INO Therapeutics (dba Ikaria) recalls Mallinckrodt Pharmaceuticals INOmax DSIR Plus delivery system. Model 10007. Delivers INOMAX (nitric oxide for inhalatio…

Recall date

November 21, 2016

Source

U.S. Food & Drug Administration (FDA) — enforcement report

Recall number

Z-1076-2017

FDA classification

Class II

Brand / firm

INO Therapeutics (dba Ikaria)

Sold / distributed

US Distribution to the states of : CA, CO, DC, FL, GA, HI, IA, IL, IN, MI, MN, NC, NJ, NM, NY, OH, PA, and TX

Why it was recalled

Mallinckrodt discovered that some devices may have been manufactured with an out-of-tolerance manometer which can result in in an inaccurate proportional valve calibration table in an affected device.

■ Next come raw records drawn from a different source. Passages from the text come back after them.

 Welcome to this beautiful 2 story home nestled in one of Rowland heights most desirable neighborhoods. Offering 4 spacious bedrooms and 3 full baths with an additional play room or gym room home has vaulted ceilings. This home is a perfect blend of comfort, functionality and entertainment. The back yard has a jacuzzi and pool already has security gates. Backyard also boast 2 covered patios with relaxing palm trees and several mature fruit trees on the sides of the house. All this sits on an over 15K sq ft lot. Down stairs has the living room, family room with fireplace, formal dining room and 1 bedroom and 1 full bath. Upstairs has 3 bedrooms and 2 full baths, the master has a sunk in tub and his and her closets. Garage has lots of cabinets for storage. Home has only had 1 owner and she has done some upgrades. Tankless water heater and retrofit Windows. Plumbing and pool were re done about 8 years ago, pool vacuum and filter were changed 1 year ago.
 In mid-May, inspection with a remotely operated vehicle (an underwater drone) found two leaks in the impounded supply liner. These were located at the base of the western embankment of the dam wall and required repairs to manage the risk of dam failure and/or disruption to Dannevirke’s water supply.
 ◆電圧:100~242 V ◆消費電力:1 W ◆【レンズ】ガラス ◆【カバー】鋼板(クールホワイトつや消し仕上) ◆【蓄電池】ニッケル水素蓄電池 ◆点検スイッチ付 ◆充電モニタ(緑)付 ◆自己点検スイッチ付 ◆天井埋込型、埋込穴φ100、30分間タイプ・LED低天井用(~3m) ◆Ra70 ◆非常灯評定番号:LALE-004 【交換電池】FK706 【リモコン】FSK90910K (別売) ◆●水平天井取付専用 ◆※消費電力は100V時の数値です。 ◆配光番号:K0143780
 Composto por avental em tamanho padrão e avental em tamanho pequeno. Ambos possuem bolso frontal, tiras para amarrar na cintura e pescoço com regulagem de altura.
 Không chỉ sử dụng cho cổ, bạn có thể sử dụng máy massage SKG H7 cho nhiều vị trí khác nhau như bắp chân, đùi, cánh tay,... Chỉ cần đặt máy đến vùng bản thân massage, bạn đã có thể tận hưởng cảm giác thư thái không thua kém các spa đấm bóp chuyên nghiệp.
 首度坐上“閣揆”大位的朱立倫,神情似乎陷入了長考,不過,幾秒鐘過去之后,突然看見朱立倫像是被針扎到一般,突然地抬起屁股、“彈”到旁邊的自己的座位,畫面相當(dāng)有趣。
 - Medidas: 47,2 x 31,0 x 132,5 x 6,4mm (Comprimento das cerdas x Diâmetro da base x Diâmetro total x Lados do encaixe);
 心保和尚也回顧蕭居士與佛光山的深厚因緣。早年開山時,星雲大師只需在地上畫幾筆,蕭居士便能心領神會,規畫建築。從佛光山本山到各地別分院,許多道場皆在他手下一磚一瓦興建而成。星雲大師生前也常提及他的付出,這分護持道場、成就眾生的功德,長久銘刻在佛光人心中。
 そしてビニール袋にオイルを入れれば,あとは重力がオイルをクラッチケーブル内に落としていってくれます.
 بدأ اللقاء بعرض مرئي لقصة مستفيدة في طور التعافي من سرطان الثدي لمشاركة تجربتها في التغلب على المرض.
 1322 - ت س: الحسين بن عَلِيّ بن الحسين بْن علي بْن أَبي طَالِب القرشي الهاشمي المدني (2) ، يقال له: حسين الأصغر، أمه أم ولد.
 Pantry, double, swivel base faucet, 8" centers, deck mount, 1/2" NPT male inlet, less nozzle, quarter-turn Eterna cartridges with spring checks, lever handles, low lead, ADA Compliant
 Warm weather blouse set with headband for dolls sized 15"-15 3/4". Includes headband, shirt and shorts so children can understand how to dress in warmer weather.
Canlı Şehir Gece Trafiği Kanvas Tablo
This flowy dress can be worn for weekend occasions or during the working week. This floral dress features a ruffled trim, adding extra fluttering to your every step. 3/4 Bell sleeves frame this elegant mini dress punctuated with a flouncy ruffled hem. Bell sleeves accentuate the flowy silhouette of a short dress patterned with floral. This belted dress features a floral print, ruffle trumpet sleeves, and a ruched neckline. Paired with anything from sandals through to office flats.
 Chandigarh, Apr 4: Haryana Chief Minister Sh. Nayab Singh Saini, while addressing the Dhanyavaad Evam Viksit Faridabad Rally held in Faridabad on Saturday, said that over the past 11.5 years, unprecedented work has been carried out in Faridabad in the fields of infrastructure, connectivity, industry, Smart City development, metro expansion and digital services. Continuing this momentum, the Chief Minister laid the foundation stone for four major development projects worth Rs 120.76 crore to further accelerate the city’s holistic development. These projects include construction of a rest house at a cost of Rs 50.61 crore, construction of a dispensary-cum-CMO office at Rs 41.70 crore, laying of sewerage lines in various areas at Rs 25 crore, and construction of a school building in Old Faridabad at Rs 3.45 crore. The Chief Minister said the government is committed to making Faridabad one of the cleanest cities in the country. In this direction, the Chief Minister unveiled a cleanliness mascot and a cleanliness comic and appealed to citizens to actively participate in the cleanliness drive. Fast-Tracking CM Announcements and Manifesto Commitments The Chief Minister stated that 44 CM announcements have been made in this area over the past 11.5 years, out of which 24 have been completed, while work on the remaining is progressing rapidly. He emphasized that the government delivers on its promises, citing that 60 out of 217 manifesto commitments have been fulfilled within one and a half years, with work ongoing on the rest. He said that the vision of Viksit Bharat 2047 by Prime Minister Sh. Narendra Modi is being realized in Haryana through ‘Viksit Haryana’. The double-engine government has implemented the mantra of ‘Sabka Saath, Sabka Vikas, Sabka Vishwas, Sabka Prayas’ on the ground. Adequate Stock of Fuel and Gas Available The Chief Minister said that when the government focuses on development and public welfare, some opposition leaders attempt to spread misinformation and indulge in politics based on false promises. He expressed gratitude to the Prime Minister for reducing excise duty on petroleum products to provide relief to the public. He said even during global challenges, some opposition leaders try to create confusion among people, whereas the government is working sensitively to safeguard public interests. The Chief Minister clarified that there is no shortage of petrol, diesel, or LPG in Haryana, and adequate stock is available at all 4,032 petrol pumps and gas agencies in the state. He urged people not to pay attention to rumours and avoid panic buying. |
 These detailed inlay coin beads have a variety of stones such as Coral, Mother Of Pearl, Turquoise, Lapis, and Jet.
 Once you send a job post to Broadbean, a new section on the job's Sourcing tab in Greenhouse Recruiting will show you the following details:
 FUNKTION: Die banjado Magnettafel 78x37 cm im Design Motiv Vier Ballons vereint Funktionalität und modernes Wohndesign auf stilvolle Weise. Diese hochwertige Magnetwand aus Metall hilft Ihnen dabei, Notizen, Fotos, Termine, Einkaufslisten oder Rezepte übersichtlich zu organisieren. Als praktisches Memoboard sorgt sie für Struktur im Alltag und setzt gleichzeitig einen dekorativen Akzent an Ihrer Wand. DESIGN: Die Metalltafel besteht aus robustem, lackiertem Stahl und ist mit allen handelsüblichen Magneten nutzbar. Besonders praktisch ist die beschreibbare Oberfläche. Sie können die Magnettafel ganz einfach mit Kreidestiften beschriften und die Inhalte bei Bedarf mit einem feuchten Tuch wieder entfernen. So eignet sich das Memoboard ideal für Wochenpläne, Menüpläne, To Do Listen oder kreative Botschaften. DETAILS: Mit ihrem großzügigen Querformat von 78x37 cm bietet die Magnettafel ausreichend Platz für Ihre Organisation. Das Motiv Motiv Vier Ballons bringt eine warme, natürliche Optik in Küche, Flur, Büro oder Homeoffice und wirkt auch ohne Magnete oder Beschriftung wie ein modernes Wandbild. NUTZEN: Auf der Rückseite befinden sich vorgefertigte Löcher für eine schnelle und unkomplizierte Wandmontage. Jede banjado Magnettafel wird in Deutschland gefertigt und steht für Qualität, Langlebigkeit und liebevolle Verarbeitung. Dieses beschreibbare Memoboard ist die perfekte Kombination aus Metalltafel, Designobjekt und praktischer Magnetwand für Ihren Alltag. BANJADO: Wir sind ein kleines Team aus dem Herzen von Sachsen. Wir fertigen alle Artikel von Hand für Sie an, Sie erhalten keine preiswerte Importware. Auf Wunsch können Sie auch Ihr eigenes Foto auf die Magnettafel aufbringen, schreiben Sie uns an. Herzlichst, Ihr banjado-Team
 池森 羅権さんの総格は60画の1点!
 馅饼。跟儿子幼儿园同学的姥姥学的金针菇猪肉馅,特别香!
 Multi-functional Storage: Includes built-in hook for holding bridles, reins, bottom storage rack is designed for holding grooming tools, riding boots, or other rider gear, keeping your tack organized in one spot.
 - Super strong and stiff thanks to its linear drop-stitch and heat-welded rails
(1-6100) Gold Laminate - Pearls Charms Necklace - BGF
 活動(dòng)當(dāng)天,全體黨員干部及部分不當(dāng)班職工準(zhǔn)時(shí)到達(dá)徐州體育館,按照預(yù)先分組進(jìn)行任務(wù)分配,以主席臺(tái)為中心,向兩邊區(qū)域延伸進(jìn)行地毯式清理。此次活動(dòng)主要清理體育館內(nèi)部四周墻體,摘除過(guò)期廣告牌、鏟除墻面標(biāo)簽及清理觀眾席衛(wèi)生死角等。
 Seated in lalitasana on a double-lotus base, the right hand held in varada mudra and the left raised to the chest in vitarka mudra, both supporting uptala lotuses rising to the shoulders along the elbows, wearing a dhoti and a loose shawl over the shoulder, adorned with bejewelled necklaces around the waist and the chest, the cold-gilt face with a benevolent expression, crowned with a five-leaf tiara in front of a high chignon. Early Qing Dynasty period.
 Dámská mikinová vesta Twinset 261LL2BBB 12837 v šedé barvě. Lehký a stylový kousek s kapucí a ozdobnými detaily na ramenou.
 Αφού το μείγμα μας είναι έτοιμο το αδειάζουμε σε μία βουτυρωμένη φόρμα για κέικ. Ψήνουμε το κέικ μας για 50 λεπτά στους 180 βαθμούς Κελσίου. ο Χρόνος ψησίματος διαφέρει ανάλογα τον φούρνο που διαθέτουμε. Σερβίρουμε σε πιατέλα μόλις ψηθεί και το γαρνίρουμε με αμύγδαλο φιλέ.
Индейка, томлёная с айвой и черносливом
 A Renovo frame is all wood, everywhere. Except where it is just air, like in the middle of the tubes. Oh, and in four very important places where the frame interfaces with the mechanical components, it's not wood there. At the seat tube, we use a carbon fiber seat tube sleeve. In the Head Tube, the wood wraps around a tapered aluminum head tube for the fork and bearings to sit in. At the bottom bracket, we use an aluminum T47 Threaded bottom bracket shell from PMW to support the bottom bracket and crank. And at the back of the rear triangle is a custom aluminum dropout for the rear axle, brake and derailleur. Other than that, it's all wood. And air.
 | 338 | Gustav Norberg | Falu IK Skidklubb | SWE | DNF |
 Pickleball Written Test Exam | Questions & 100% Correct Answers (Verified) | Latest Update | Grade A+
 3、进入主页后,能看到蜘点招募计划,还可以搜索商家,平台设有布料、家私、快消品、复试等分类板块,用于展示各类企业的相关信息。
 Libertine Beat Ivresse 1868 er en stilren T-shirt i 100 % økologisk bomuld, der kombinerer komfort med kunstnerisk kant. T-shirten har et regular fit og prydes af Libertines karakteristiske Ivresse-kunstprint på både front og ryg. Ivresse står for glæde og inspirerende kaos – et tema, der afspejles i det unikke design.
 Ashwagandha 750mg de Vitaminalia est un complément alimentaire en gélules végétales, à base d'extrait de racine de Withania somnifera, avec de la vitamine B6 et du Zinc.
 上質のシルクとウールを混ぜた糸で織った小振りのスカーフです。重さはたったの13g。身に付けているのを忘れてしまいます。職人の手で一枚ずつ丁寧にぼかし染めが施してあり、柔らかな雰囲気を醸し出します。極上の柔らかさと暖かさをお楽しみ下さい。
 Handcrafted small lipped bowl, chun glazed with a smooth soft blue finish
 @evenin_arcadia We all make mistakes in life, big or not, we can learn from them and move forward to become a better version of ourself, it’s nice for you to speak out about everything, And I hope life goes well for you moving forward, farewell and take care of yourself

Class II means using this product may cause temporary or medically reversible health problems; the chance of serious harm is remote.

What was recalled

Mallinckrodt Pharmaceuticals INOmax DSIR Plus delivery system. Model 10007. Delivers INOMAX (nitric oxide for inhalation). The INOmax DSIR uses a dual-channel design to ensure the safe delivery of INOMAX. The first channel has the delivery CPU, the flow controller and the injector module to ensure the accurate delivery of NO. The second channel is the monitoring system, which includes a separate monitor CPU, the gas cells (NO, NO2, and 02 cells) and the user interface including the display and alarms. The dual-channel approach to delivery and monitoring permits INOMAX delivery independent of monitoring but also allows the monitoring system to shutdown INOMAX delivery if it detects a fault in the delivery system such that the NO concentration could become greater than 100 ppm. The delivery system can also shut down delivery if it detects certain serious problems with the monitoring system.